General form: \( y' = f(t, y) \)

Pick \( (t, y) \), graph \( y' \)
If no \( t \) in \( f(t, y) \), same slope across
If it contains \( t \), best to find out where \( y' = 0 \), then above and below

\[ y' = t^2 - y \quad \rightarrow \quad y' = 0 \implies y = t^2 \]

Direction field graph with t and y axes, showing slope segments and a red parabola curve y = t^2 . — Figure: Direction field graph with t and y axes, showing slope segments and a red parabola curve \( y = t^2 \).

\( y > t^2 \) (above)

\( y' < 0 \)

\( y < t^2 \) (below)

\( y' > 0 \)

PAGE 2

Types of Diff. Eqs.

1st-order linear

\[ y' + p(t)y = g(t) \]

Where \( p(t) \) and \( g(t) \) are functions of \( t \) or constants.

Solution: integrating factor \( \mu = e^{\int p(t) dt} \)

Multiply both sides of diff. eq.

Left side becomes \( \frac{d}{dt}(\mu y) \)

\[ \frac{d}{dt}(\mu y) = \mu g \quad \text{then integrate and solve} \]

Example:

\[ ty' + 4y = 12t^2 \] \[ y' + \left( \frac{4}{t} \right) y = 12t \]

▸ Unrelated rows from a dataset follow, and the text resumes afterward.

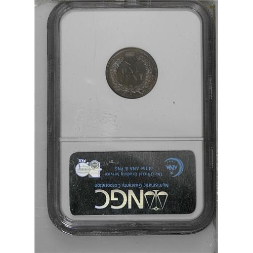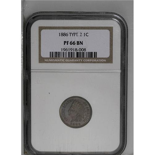 <B>1886<1C> Type Two PR66 Brown NGC.</B></I> The fields are an even, deep brown with a blue cast, while the devices are slightly lighter. The bottom feather, intricately detailed like the rest of the coin, points between the C and A of AMERICA.
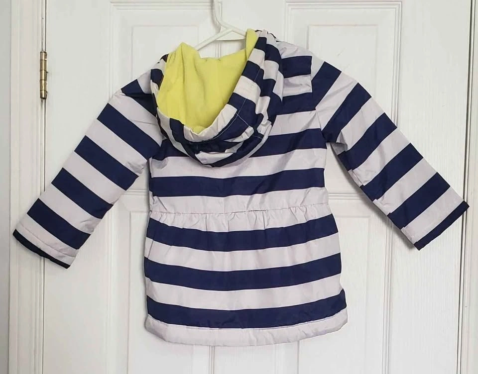 Toddler girls Carters striped spring rain coat jacket. Hooded and fleece lined. Size 4T. Minor stain on left shoulder. Cash only. If listing is up, it's available.
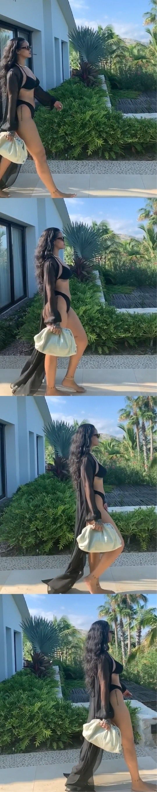 리한나 인스타 영상 캡처 가수 겸 배우 리한나가 수영복 자태로 섹시미를 드러냈다. 17일(한국시간) 가수 리한나는 자신의 인스타그램을 통해 한 개의 영상을 게재했다. 공개된 영상 속 리한나는 비키니 차림으로 고양이처럼 사뿐한 걸음으로 굴곡 있는 몸매를 자랑하고 있다. 영상에서 리한나는 입에 뭔가를 문 채 선글라스를 쓴 도도한 모습으로 압도, 팬들의 시선을
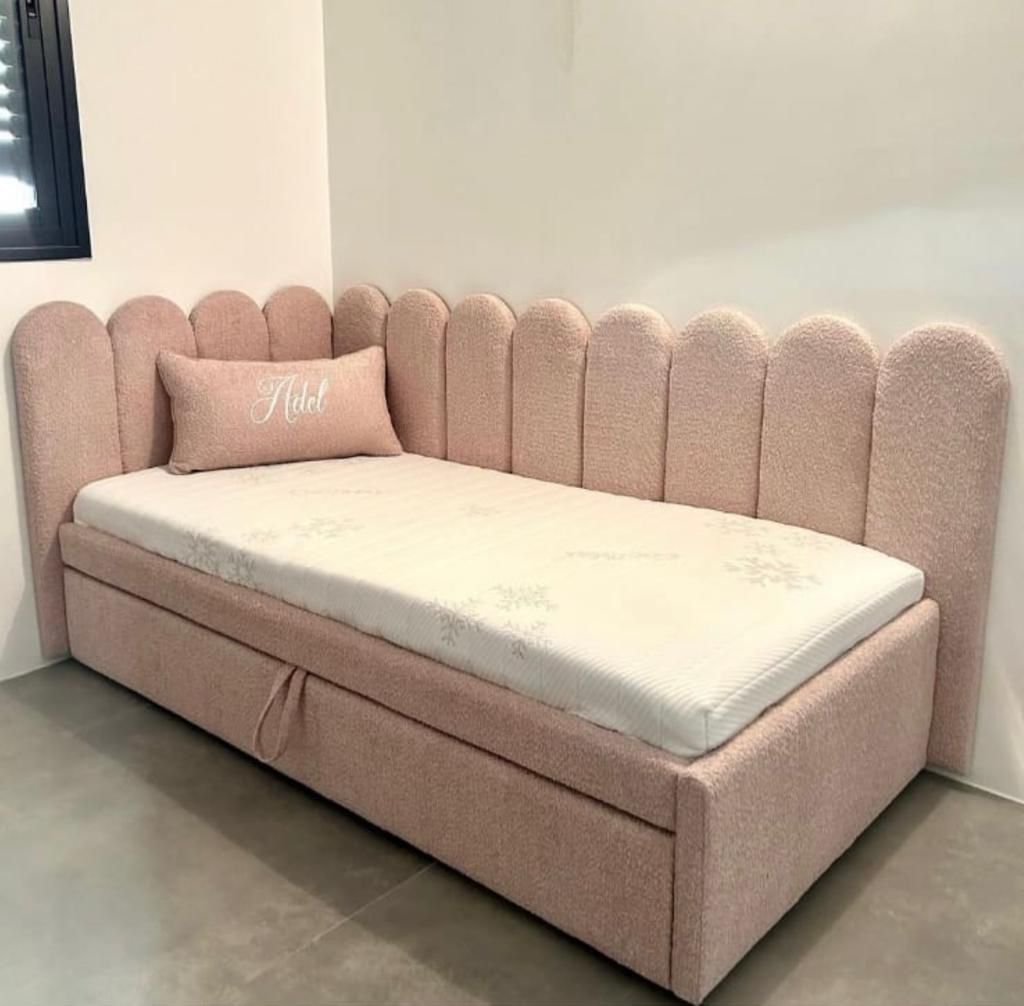 מיטת ילדים מעוצבת ומרופדת בדגם ברבי, משלבת בין פרקטיות, נוחות ואסתטיקה רכה שמתאימה באופן מושלם לחדרי ילדים. המיטה מגיעה עם מיטת חבר נשלפת, ומתאימה לאירוח יומיומי קל ונוח. הדגם מיוצר בהתאמה אישית מלאה – ניתן לבחור את גודל המיטה, צבע הריפוד וסוג הבד. כל תהליך הייצור נעשה ישירות במרפדייה, ללא פערי תיווך – מה שמבטיח התאמה מדויקת, איכות גבוהה ומחיר משתלם במיוחד.
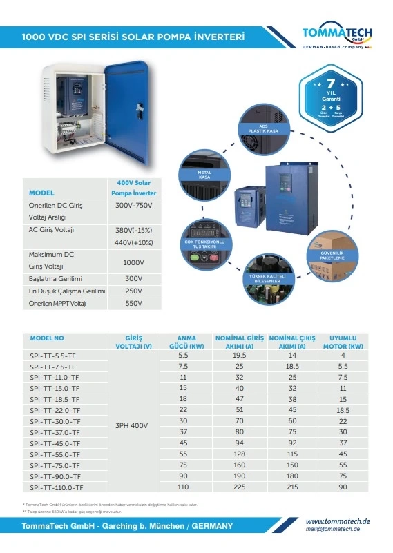 TommaTech 7.5kW 1000V Solar Pompa İnverter

Here, \( p(t) = \frac{4}{t} \)

\[ \mu = e^{\int \frac{4}{t} dt} = e^{4 \ln t} = t^4 \] \[ \frac{d}{dt}(t^4 y) = 12t^5 \] \[ t^4 y = 2t^6 + C \] \[ y = 2t^2 + \frac{C}{t^4} \]

PAGE 3

Separable

\[ \frac{dy}{dx} = M(x)N(y) \]

Solution:

\[ \frac{1}{N(y)} dy = M(x) dx \]

integrate and solve

Example:

\[ \frac{dy}{dx} = xy + x = x(y + 1) \]\[ \frac{1}{y + 1} dy = x dx \]\[ \ln |y + 1| = \frac{1}{2}x^2 + C \]\[ |y + 1| = e^C \cdot e^{\frac{1}{2}x^2} \]\[ y + 1 = C e^{\frac{1}{2}x^2} \]\[ y = C e^{\frac{1}{2}x^2} - 1 \]

PAGE 4

Homogeneous

\[ \frac{dy}{dx} = f(x, y) = g\left(\frac{y}{x}\right) \]

Solution: make sub \( v = \frac{y}{x} \)

rewrite eq. as one involving \( v \) and \( x \)
(could be separable or linear or others)
solve for \( v \), then \( y \)

Example:

\[ \frac{dy}{dx} = \frac{3x - y}{x + y} \]\[ = \frac{3 - (\frac{y}{x})}{1 + (\frac{y}{x})} = g\left(\frac{y}{x}\right) \]

\[ v = \frac{y}{x} \]

\[ y = vx \]\[ \frac{dy}{dx} = v + v'x \]

\[ v + v'x = \frac{3 - v}{1 + v} \]no y!

PAGE 5

Solving Separable Differential Equations

\[ x v' = \frac{3-v}{1+v} - \frac{v+v^2}{1+v} \]

\[ x v' = \frac{3-2v-v^2}{1+v} \quad \text{Separable} \]

\[ \frac{1+v}{v^2+2v-3} dv = -\frac{1}{x} dx \]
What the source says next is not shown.